Reduce SAXS data

Please note, that first step of data SAXS data reduction should be to reduce USAXS data. The presence of USAXS data provides needed information, such as slit length of the instrument. Your life will be much easier if you reduce USAXS data first.

Collected data arrangement

When you collect data on 9IDC USAXS/SAXS/WAXS instrument, your data are saved in folders related to your “spec” file name. Spec file is where instrument makes various records. The file name is created by adding MM_DD_ (month_day_) to the name staff provides, typically to user name. When you collect USAXS data, a folder with the same name with appended “_usaxs” is created. For SAXS data we create folder with the same name with “_saxs” and for WAXS with “_waxs”. See below in the image:


Reduced SAXS data arrangement

After you reduce SAXS data, you will have in your Igor experiment data arranged in data folders also - in this case you will have SAXS data in root:SAXS:Samplename. These data use “QRS” naming system. To see inside of the current Igor experiment, use DataBrowser (ctrl-B or cmd-B).


Please note, that in this picture you see for each sample data processed twice. Folders with data ending _270_30 are pinhole data and need to be merged later with Desmeared USAXS data. Data in folders ending _u are slit smeared SAXS data which are intended for merging with slit smeared USAXS data.

SAXS data reduction

Data reduction for this instrument is done using Nika package. You need to have Nika package installed. Select “Load Nika 2D SAS macros” from “Macros” menu, or preferably, load “USAXS, Irena and Nika” which will load all there packages. This will create “SAS2D” menu. Note, that it will take some time to compile the code, depending on the speed of your computer. Select from “Instrument Configurations” menu in SAS2D first item : “9IDC or 15IDD USAXS-SAXS-WAXS”. This will create panel which can be used to configure Nika package to use on our instrument.


Select (or keep selected) checkbox “SAXS” and follow the instructions in the red letters. Keep other checkboxes selected as they are by default, more info later… First step is to push button “Set default settings”. This will create dialog where you need to navigate to location of your SAXS data (see above about the data arrangement) and you need to select any data file from your samples, assuming there was no change in geometry for the data in that folder (distances, energy, etc.). So select a file (see below) and click Open


Nika will open selected file and read from this file all calibration values we have included in each of the files. Few more things will happen at the same time:

  1. All parameters will be read and inserted in proper Nika fields.

  2. Nika will scan for existing USAXS data and if it finds the data (it will pick random USAXS folder) it will look if there are desmeared data (DSM_Int etc.) or slit smeared data (SMR_Int). If there are desmeared data, it will switch off Slit smearing (uncheck the checkbox on the panel). If it find only slit smeared data, it will check this checkbox to generate appropriate (slit smeared) SAXS data. In any case, if it finds any USAXS data, it will insert proper slit length in the proper field.

  3. Nika will open the selected image and display it.

  4. Nika will set proper selection of checkboxes for calibration and insert proper names of lookup functions, which find/calculate for each sample thickness, transmission, and normalization values.
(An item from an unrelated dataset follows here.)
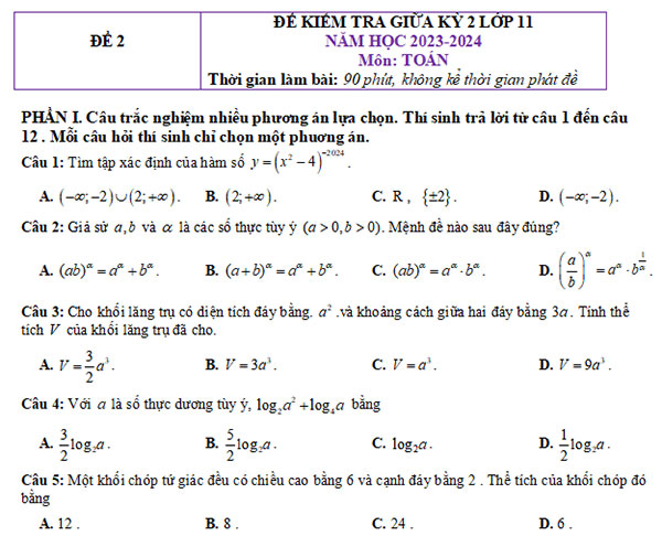 Đề thi giữa kì 2 Toán 11 Cánh Diều

  5. MASK: Depending on Checkbox “Mask Less sensitive pixels” Nika will create one of two masks - in unchecked, default Mask covering edges and beamstop bar. If checked, Nika will also cover pixels between the chips of the detector which are typically slightly lower sensitivity (like 1% or so). Usually these less sensitive points have little impact, but sometimes they are important. See explanation and graph in WAXS data reduction here.
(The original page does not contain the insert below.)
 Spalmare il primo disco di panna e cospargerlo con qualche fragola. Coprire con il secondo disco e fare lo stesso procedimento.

  6. IMPORTANT - by default Nika is set to produce 120 Q bins, log-q spaced (reduction from about 500 points which it would have with max q resolution). This is correct for small-angle scattering where it reduces noise at high-q, but incorrect if you have diffraction peaks in this Q range and need to have high resolution. If that is the case, select “Max num points?” checkbox.

  7. Nika will display for user the tab, where user needs to find the correct “Blank” - aka: “Empty” - for the samples user wants to reduce.

Next step is to select the proper Blank - if needed, right click in the panel and select “Match Blank” or whatever else needed. Either double click on the file or select the file and click “Load Empty”.


Blank file will be loaded and displayed. Please note, that user needs to select proper Blank/empty file for each range of samples. So do not forget to change it if necessary.


Here is example of Sample and Blank loaded and displayed side-by-side.

Next is simply - select sample or samples which should be processed and click on button “Process images”. Nika will process all selected files. In the demo I have processed USAXS data with desmearing and Nika is therefore processing my SAXS data in pinhole collimation only. These will result in folders with names ending _270_30. Data with folders named with _u at the end are slit smeared.


OK, next step is to reduce WAXS data (if collected) and - or - merge USAXS and SAXS data together. See other chapters how to switch configuration and reduce WAXS.